Derek dried off and began throwing on sweats to sleep in. It was going to be a cold night. He was bone tired. He said, “Do you think Abasin’s going to do anything about my suggestions?”

“Shift the crops around? Dig a new well? Stop using the pesticides above the village? Don’t know. How are the kids?”

“Recovering. But if they start drinking the water again they’ll get sick again. And they’re the first. It won’t be long before they’re all sick. Or dead.”

“While you were in with the kids I used the sat-phone and called my contact at WHO about the water problem.”

Derek nodded, now in sweatpants and a sweatshirt. “Find anything?”

“No. Did you?”

“Besides the pesticide? No. We can go onto the next site tomorrow. It’ll take us a while with the weather and roads. Way up in the mountains on the other side of the Khyber. Want a drink?”

“Absolutely.”

Johnston dug into his duffel and withdrew a bottle of Glenmorangie scotch. “Think what Noa’s missing.”

Shaking his head, Derek took the proffered three fingers of single malt. Both of the men had found the Israeli to be difficult and unfriendly. Clearly she wasn’t happy working with Americans. “Any idea why she got stuck in on this?”

Another shrug from Johnston and a swallow. “My suspicion is it’s some sort of punishment or some sort of deal worked out between CIA, the US Army and MOSSAD that I’m not privy to.”

Derek sipped the scotch and said, “Speaking of which, you want to tell me what a general is doing running around in the field in Pakistan and Afghanistan instead of pushing paper in Washington working on your second star?”

“We’ve been driving for three days and this is the first time this occurred to you?”

“It’s the first time I figured Noa wasn’t either in earshot or likely to interrupt.”

“She does keep her eyes on us, doesn’t she?”

“Yeah,” Derek said. “Like she doesn’t exactly trust us.”

“Or she has an agenda different than us.”

Cocking an eyebrow, Derek said, “Like what?”

“I don’t know.”

Derek sipped more of the scotch. “You’ve managed to avoid my question.”

“I asked for the chance to work out here.”

“Fresh out of Desert Storm and you want this? Go be a field soldier again?”

“I’m considering going into the private sector or to an NGO. I’ve also got a party back in Minnesota urging me to run for the senate.”

“You’ve never struck me as being terribly political.”

“It’s not clear to me if the Minnesota Democratic Party thinks that’s a plus so they can boss me around.”

“Or ‘mold’ you into whatever they want,” Derek said, making finger quote marks around “mold.”
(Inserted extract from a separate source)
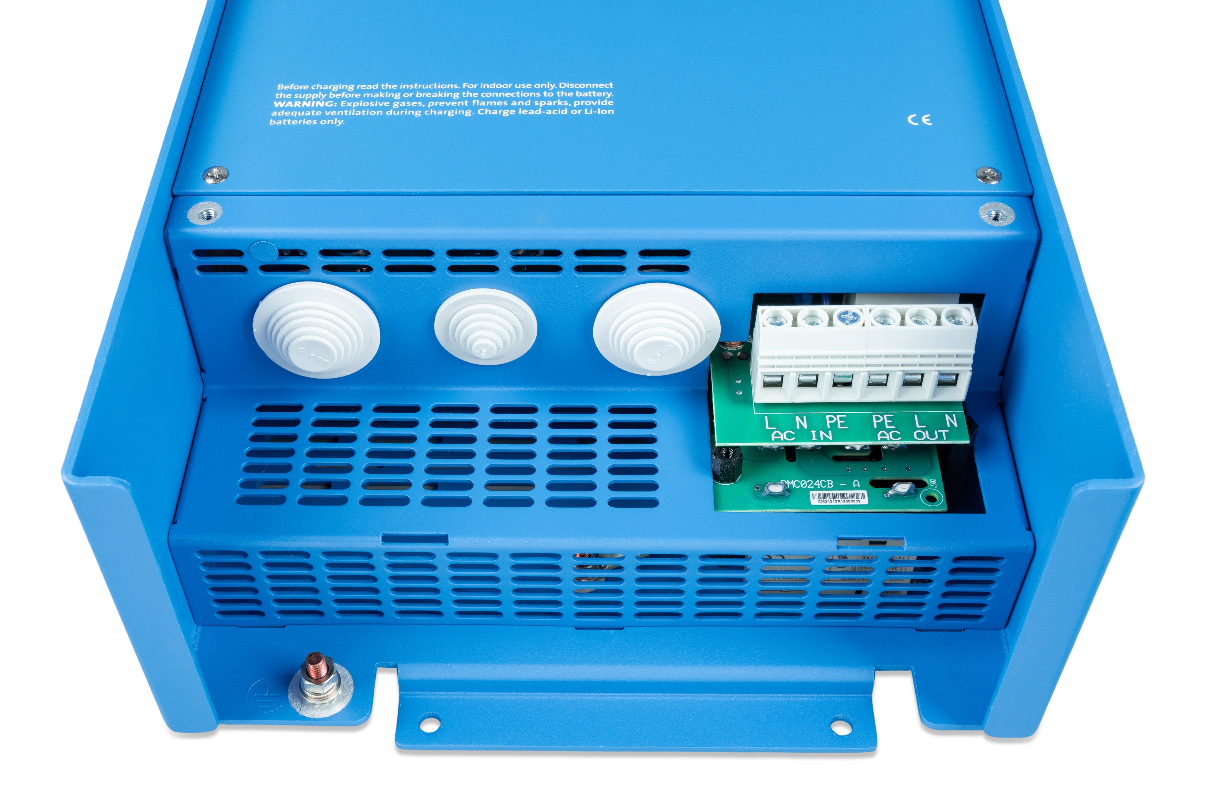 Comme le suggère son nom, le MultiPlus est un appareil combinant un convertisseur et un chargeur dans un seul boitier. Parmi ses nombreuses fonctions, il inclut un convertisseur à sinusoïde pure, une charge adaptative, une technologie PowerAssist hybride, ainsi que des fonctions d'intégration de systèmes multiples.Le MultiPlus empêchera la surcharge d'une source CA limitée, telle qu'une connexion de quai ou de générateur. Le processus de charge de la batterie sera d'abord automatiquement réduit ; dans le cas contraire, une surcharge se produirait. Ensuite, la sortie d'un générateur ou de l'alimentation de quai sera stimulée en extrayant la puissance de la batterie.En cas de coupure secteur ou de déconnexion du quai ou du générateur, le convertisseur du Multi s'active automatiquement et il reprend l'alimentation des charges connectées. Ce transfert est si rapide (moins de 20 millisecondes) que le fonctionnement des ordinateurs ou des autres équipements électroniques ne sera pas perturbé.Jusqu'à 6 Multi peuvent fonctionner en parallèle pour obtenir plus de puissance en sortie. Un fonctionnement triphasé ou en phase divisée est également possible. Veuillez vérifier les fiches techniques pour savoir quels modèles peuvent être montés en parallèle, en triphasé ou en phase divisée.Lorsqu'il est associé à un appareil GX (par ex. un Cerbo GX), vous pouvez superviser et contrôler votre Multi et votre système ou systèmes soit localement (LAN) soit à distance par Internet depuis n'importe où dans le monde par le biais de l'application gratuite VRM et du site Web gratuit VRM. Vous pouvez y accéder depuis un téléphone, une tablette, un ordinateur portable ou un PC fonctionnant avec différents systèmes d'exploitation. Le niveau de contrôle sur votre système n'a pas de limite que ce soit pour effectuer des réglages sur votre Multi ou pour lancer le démarrage automatique de votre générateur de secours, et bien plus encore... »

“That, too. But I’ve also been looking at some other things.”

“Like?”

“There’s an opening at State.”

“At Foggy Bottom?”

“Moscow, actually.”

“So this might educate you?”

“It gives me time to be away from the Army for a while. How about you, Derek? I was shocked when you retired. Make Colonel and promptly retire and join the Agency.”

“Thought it might be nice to stop killing people for a while.”

“How’s that working for you?”

“Okay, although Cuba was a near-disaster. And I have to say, the Agency seems entirely willing to use their agents as pawns in some political deal. That’s probably what happened in Cuba. They didn’t expect me to succeed with the mission, they just wanted to flush out a mole and I was bait. I’m lucky I’m not rotting in a cell in Havana.”

“Doesn’t sound like you’re completely happy with the Agency.”

Derek finished his scotch and held it out for more. “Safe to say. We’ll see how things go in Afghanistan.”

Johnston poured two fingers in each of their glasses. They clinked glasses and Johnston said, “This we’ll defend.” It was the Army’s official motto.

Derek had been Army Special Forces, a Green Beret. “
De oppresso liber
.” To free the oppressed, the Special Forces’ motto. He drank.

The general grinned. “What’s the CIA’s motto?”

“We’re so secret we don’t even know how fucked up we are.”

Roaring with laughter, Johnston said, “I’ll drink to that.”